> _WORK REQUEST_: For this exercise, output exactly and only the lines running from the one with "上午,复兴中学的比赛现场活力" through the final line of the data below, without pictures.

> _SUPPLIED DATA_:

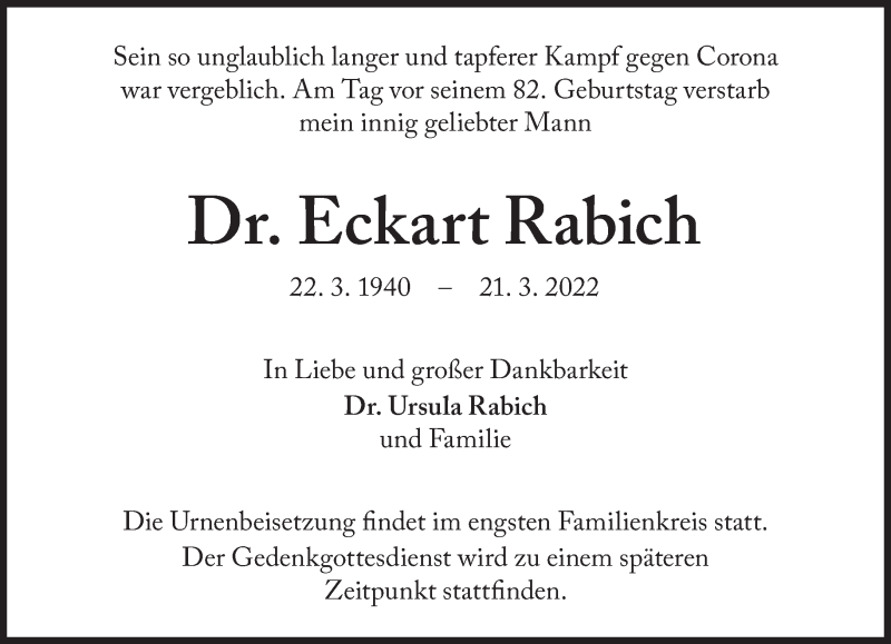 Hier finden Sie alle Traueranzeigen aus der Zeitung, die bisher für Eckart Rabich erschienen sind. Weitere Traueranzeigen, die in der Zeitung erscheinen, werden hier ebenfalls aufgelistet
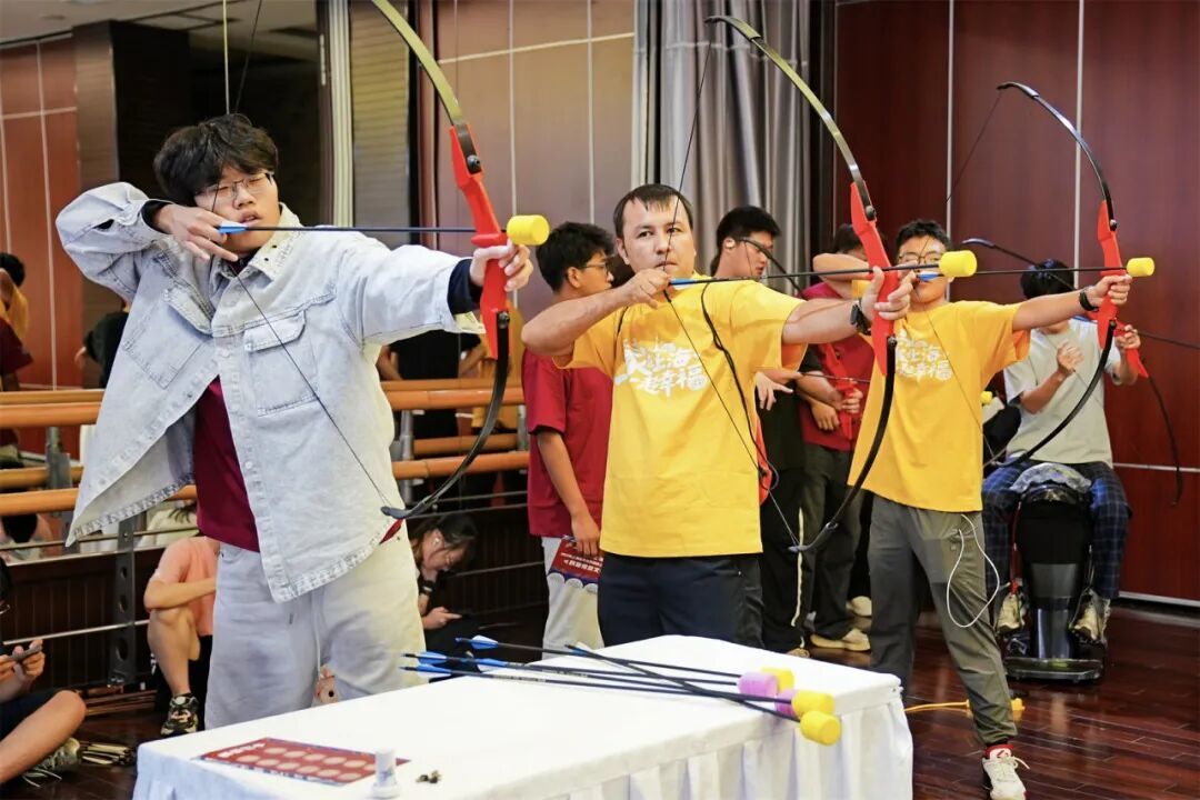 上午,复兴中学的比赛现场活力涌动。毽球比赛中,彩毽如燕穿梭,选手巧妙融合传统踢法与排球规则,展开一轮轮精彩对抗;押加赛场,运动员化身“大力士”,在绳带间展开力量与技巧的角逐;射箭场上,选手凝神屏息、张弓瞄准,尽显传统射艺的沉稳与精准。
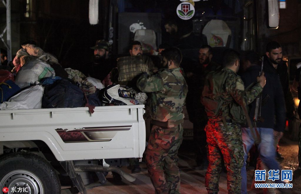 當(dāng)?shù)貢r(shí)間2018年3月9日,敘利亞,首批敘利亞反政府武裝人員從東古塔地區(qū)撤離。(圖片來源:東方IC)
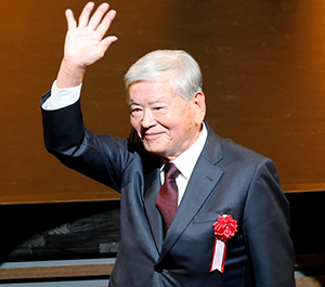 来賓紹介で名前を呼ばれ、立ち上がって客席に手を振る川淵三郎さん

> _FINAL ANSWER_:
 上午,复兴中学的比赛现场活力涌动。毽球比赛中,彩毽如燕穿梭,选手巧妙融合传统踢法与排球规则,展开一轮轮精彩对抗;押加赛场,运动员化身“大力士”,在绳带间展开力量与技巧的角逐;射箭场上,选手凝神屏息、张弓瞄准,尽显传统射艺的沉稳与精准。
 當(dāng)?shù)貢r(shí)間2018年3月9日,敘利亞,首批敘利亞反政府武裝人員從東古塔地區(qū)撤離。(圖片來源:東方IC)
 来賓紹介で名前を呼ばれ、立ち上がって客席に手を振る川淵三郎さん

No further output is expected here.